For the straight ninth time in a row the central bank of Turkey (CBT) cut its policy rate. The bank which so far had surprised the markets via larger than expected rate cuts, this time around delivered the exact expectation with 50 basis points and lowered the one week repo rate to 8.25% from 8.75%.
Turkey’s policy rate was at 24% back in July 2019.
In the latest inflation report released in April, the CBT revised down its 2020 expectation to 7.4% from 8.2% in the previous report. The bank sees an acceleration of the down trend in inflation during the summer months of 2020 towards 8% in September, and to continue easing to 7.4% by the end of 2020. Currently, Turkey’s consumer price inflation (CPI) is at 10.9% with the forward-looking CPI expectations for 12-month and 24-month at 9.20% and 8.30%, respectively.
The new bout of TL weakness since start of the year and a sharp slump in domestic demand are two contradicting forces that weigh on the future course of inflation in Turkey. While 8-8.5% CPI inflation for 2020 end looks more probable, the CBT’s 7.4% end of year estimation still looks challenging. The CBT’s renewed swap deal with Qataris to USD15billion and its revised down inflation expectations creates further room for the bank to ease its policy rate in June and on wards; as President Erdogan is betting on revised credit demand to jump start the economic activity in the remainder months of the year.
No need to say, the weak swap agreement along with Turkey’s hefty short-term external fx debt payments keep Turkish lira fragile given the rate cuts will continue.

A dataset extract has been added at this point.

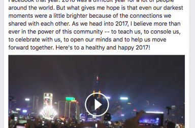 Mark Zuckerberg Mark Zuckerberg โพสต์คลิปวิดีโอเรื่องราวเด่นๆที่เกิดขึ้นในปีที่ผ่านมา เพื่อส่งท้ายปีเก่า ต้อนรับปีใหม่ ไปดูกันดีกว่าว่ามีเรื่องราวอะไร…
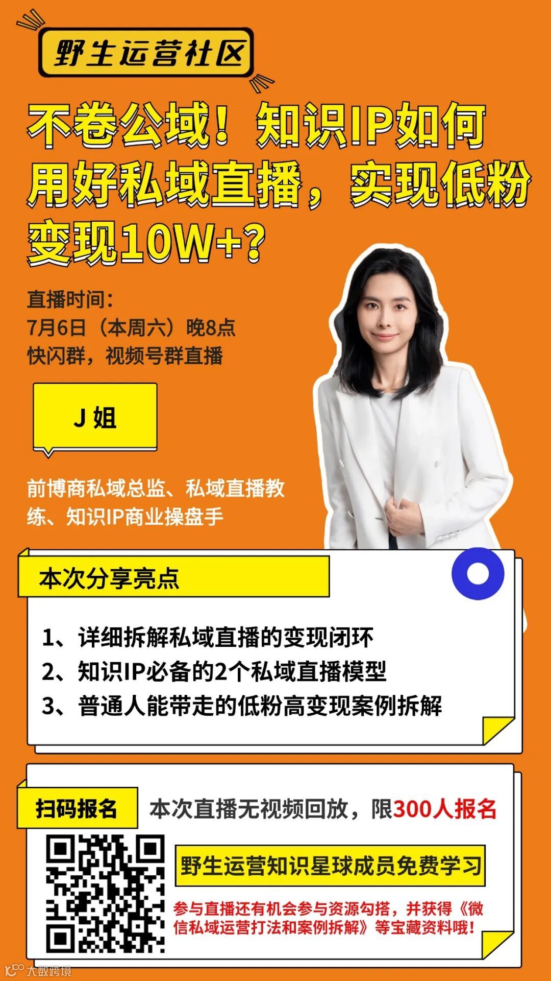 这周六晚8点,我邀请来野生运营的老朋友 J 姐,前博商私域总监、私域直播教练、知识IP商业操盘手带来分享,《不卷公域!知识IP如何用好私域直播,实现低粉变现10W+》。

Thus, further TL weakness appears in the cards along with an additional 100 basis points rate cut from the current 8.25%.

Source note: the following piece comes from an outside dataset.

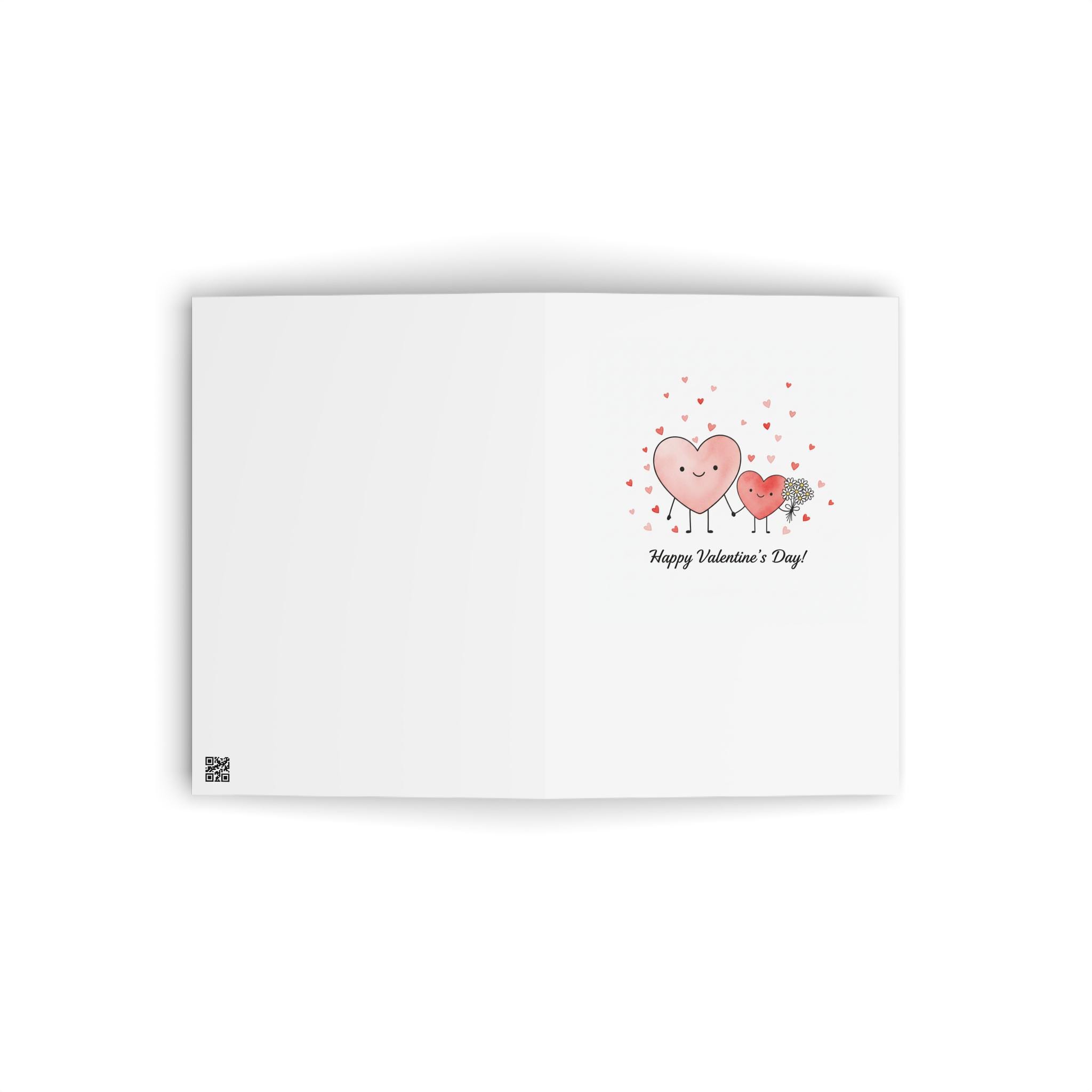 The soft pink and coral palette and gentle linework create a warm, whimsical moment that feels personal and sincere. Leave a handwritten note inside or let the simple “Happy Valentine’s Day!” message carry the feeling: this card brings a shy, heartfelt smile to someone you love and keeps the focus on connection rather than grand gestures.

Here is the CBT’s rate cut announcement:
As developments regarding the spread of the coronavirus substantially weaken global growth outlook, central banks in advanced and emerging economies continue to take expansionary measures. While uncertainties on global economic recovery remain high, normalization steps taken by several countries are being watched. The pandemic disease is closely monitored for its evolving global impact on capital flows, financial conditions, international trade and commodity prices.
Having displayed a strong upward trend in January and February, thanks to the improvement in financial conditions, economic activity has started to weaken in mid-March due to the effects of the coronavirus pandemic on external trade, tourism and domestic demand. While the weakening in economic activity became more pronounced in April, high-frequency indicators for the first half of May display signs of bottoming-out following the steps taken towards partial normalization. In order to contain negative effects of the pandemic on the Turkish economy, it is of crucial importance to ensure the healthy functioning of financial markets, the credit channel and firms’ cash flows. In this respect, recent monetary and fiscal measures will contribute to financial stability and post-pandemic recovery by supporting the potential output of the economy. Despite the fall in exports and tourism revenues due to the pandemic, current account balance is expected to follow a moderate course throughout the year due to the restraining effects of commodity prices and imports.

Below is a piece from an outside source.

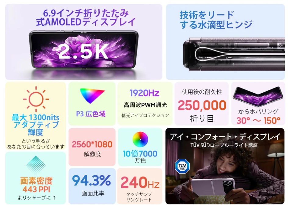 - ディスプレイ:6.9インチ(2.5k・AMOLED・最大1300nits)

Developments in inflation expectations and domestic demand conditions have contributed to a mild trend in core inflation indicators. Despite the recent depreciation in the Turkish lira due to global developments, international commodity prices, especially crude oil and metal prices, affect inflation outlook favorably. While the rise in unit costs resulting from declining production and sales is closely monitored, the disinflationary effects of aggregate demand conditions are estimated to have increased. Although consumer inflation might follow a slightly higher course in the short-term due to seasonal and pandemic-related effects on food prices, demand-driven disinflationary effects will be more prevalent in the second half of the year. Accordingly, considering all factors affecting the inflation outlook, the Committee decided to make a measured cut in the policy rate. Under the current monetary policy stance, inflation outlook is considered to be in line with the year-end inflation projection.